İsrail’in sabah saatlerinde İran’a düzenlediği hava saldırılarının ardından bölgede nükleer risk endişesi ortaya çıktı. Uluslararası Atom Enerjisi Ajansı (UAEA) Başkanı Rafael Mariano Grossi, İran’ın Natanz nükleer tesisinde radyoaktif sızıntı olduğunu duyurdu.

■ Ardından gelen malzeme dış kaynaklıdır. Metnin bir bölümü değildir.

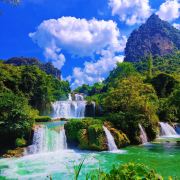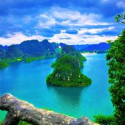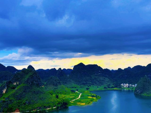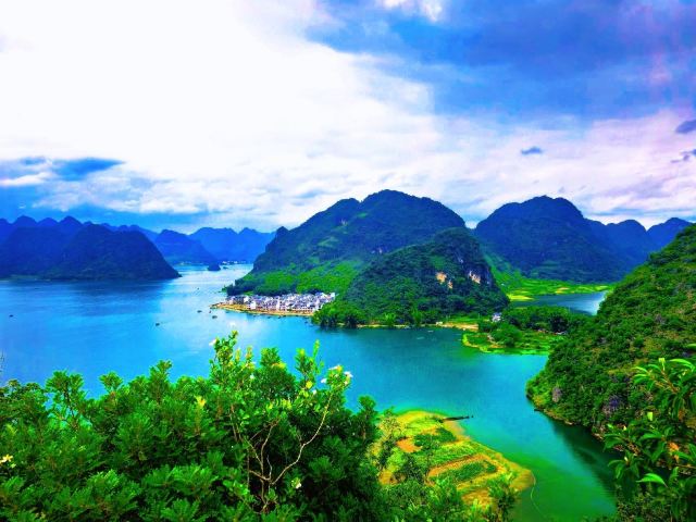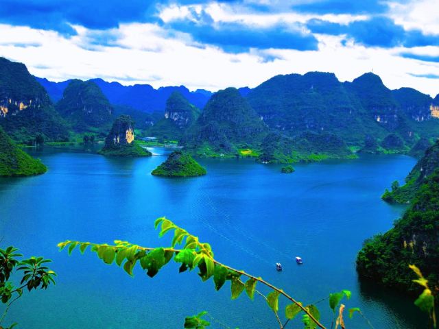 渠洋湖是一个大型的喀斯特高原湖泊水库。位于靖西县城西北方向28公里处,总面积为2469.9公顷(24.699平方公里,或37048.5亩),总库容量为9200万立方米,其中湖面面积为15540亩(10.36平方公里,或1036公顷),湖长为15公里,宽处有1公里,是百色市的第二大人工湖。水质优良,有大小岛屿十多个,沿岸有海拔一千多米的岜行山,以及掩映在绿树翠竹当中的几百个壮族干栏式村寨。

“CİDDİ KONTAMİNASYON TESPİT EDİLDİ”
CNN Türk ABD temsilcisi Yunus Paksoy’un aktardığına göre, UAEA Başkanı Grossi, Birleşmiş Milletler Güvenlik Konseyi’ne (BMGK) sunduğu raporda endişe verici tespitlerde bulundu. Grossi, “Tesisin içinde hem radyoaktif maddelere hem de kimyasal bileşenlere bağlı ciddi bir kontamisyon yaşandığı bildiriliyor. Bu durum, hem çalışanlar hem de çevre açısından önemli bir sağlık ve güvenlik riski oluşturabilir,” ifadelerini kullandı.

YERÜSTÜ TESİSİ TAMAMEN İMHA EDİLDİ
Grossi’nin raporunda, İran’ın yüksek oranda zenginleştirilmiş uranyum ürettiği tesisle ilgili çarpıcı bilgiler yer aldı. UAEA Başkanı, “İran’ın yüzde 60 saflıkta uranyum ürettiği yerüstü tesisi tamamen imha edildi,” açıklamasında bulundu. Bu durum, İsrail’in saldırılarının İran’ın nükleer programını ciddi şekilde etkilediğini gösteriyor.

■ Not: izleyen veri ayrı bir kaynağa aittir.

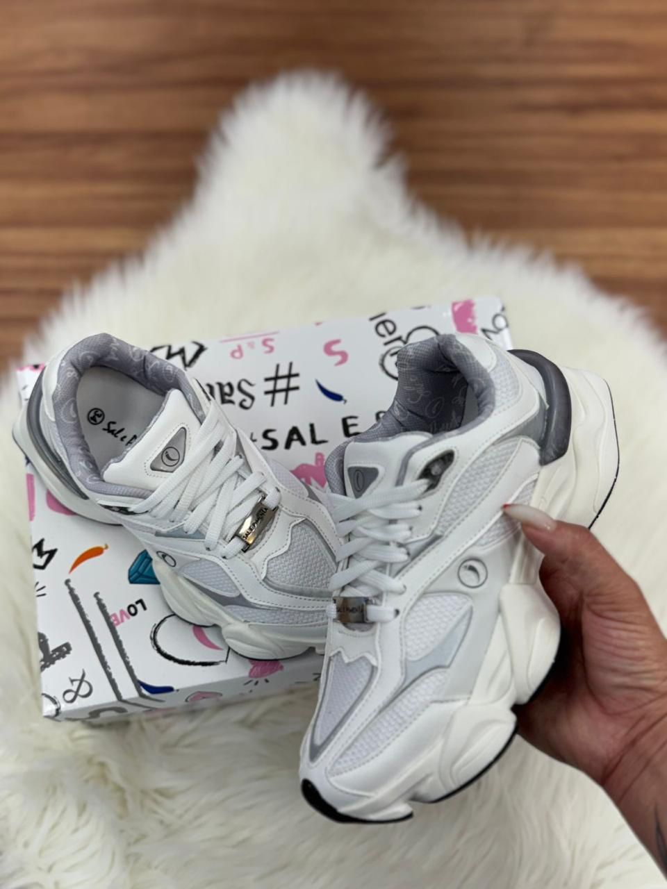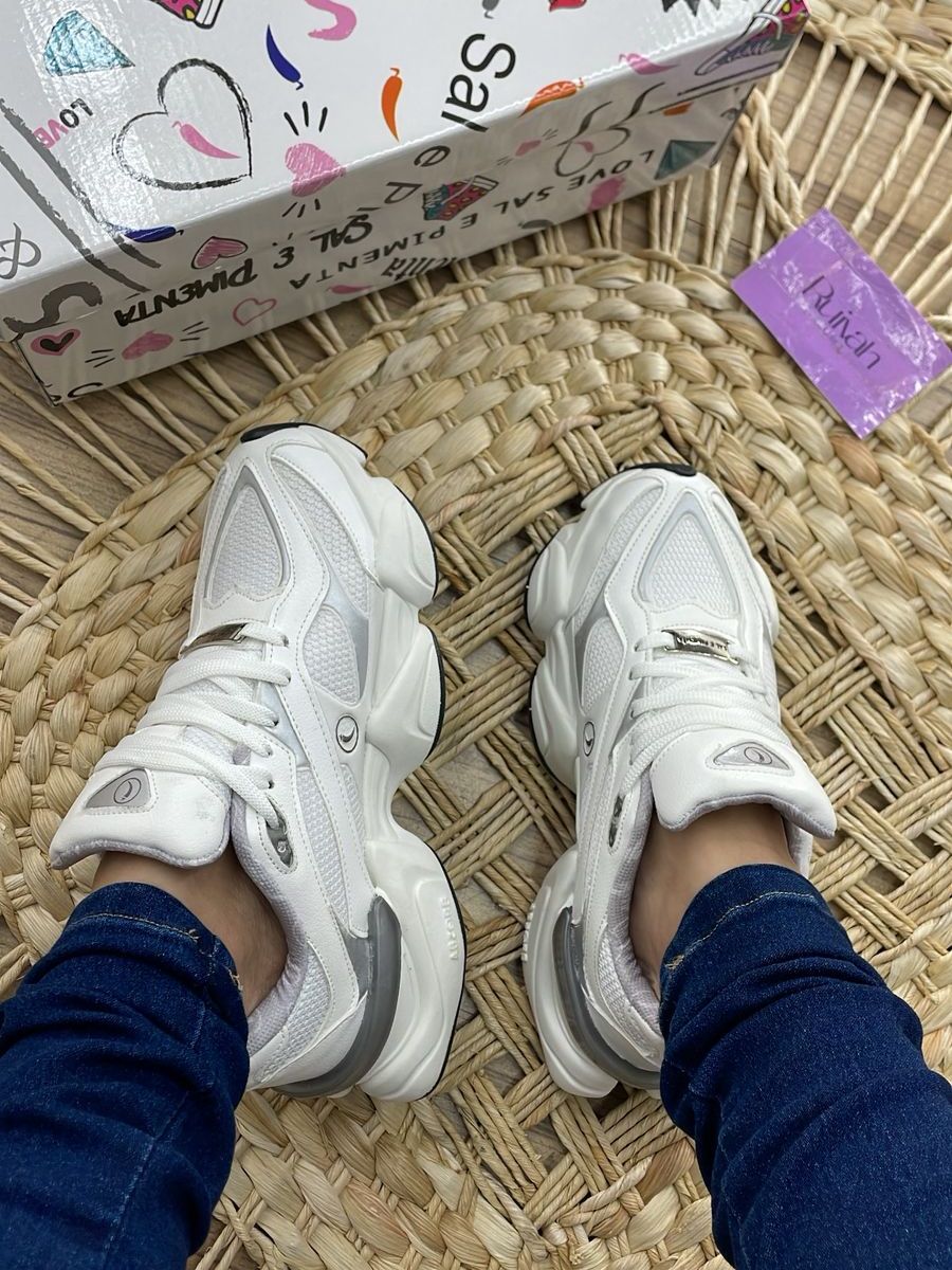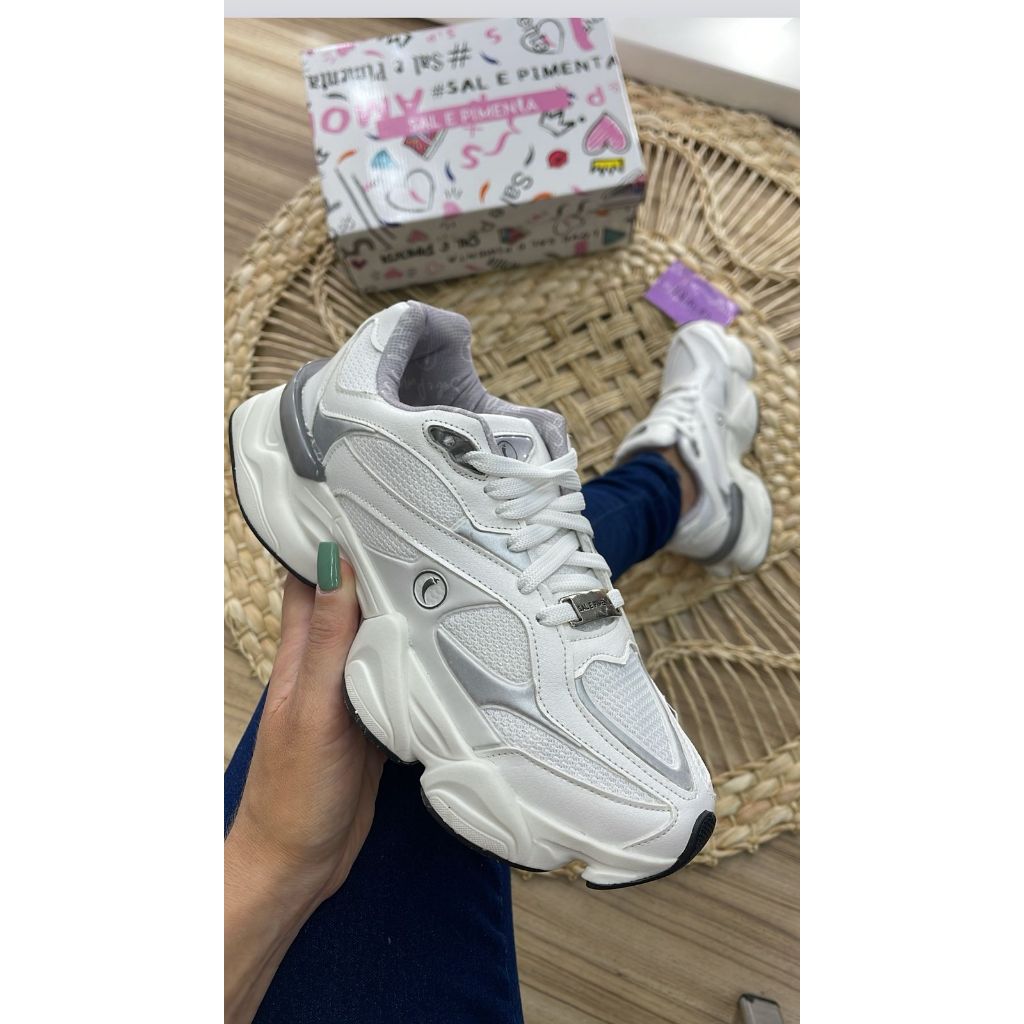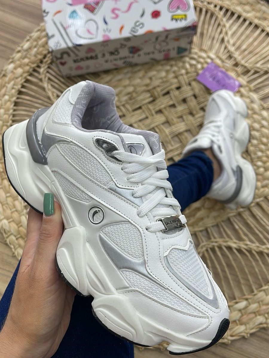 Tênis Feminino Zion Branco Com Cinza Sal e Pimenta Original Tamanhos 34 ao 39. Modelo 2025

YERALTINDA DURUM HENÜZ NET DEĞİL
Grossi, saldırının Natanz’daki yeraltı tesislerine etkisi konusunda ise daha temkinli konuştu. “Natanz’daki yeraltı zenginleştirme bölümüne yönelik bir saldırı belirtisi yok, ancak elektrik tedarikine yönelik saldırı, santrifüjlere zarar vermiş olabilir,” dedi. UAEA Başkanı, radyolojik kirlenmenin uygun önlemlerle kontrol edilebileceğini de sözlerine ekledi.
BÖLGEDE GERİLİM TIRMANMAYA DEVAM EDİYOR
İsrail’in 13 Haziran sabahı başlattığı geniş çaplı hava harekatında, İran’ın başkenti Tahran dahil birçok kent vurulmuştu. Saldırılarda 20’si üst düzey komutan, altısı nükleer bilimci olmak üzere en az 78 kişi hayatını kaybetti.
İsrail, operasyonun hedefinde İran’ın nükleer programının bulunduğunu açıklamıştı. İran ise misilleme olarak önce İsrail’e 100 kadar insansız hava aracı (İHA) göndermiş, ardından akşam saatlerinde balistik füzelerle saldırılara başlamıştı.
Natanz nükleer tesisindeki radyoaktif sızıntı, bölgedeki gerilimin nükleer boyuta taşınma riskini artırırken, uluslararası toplumdan durumun kontrol altına alınması için çağrılar yükseliyor.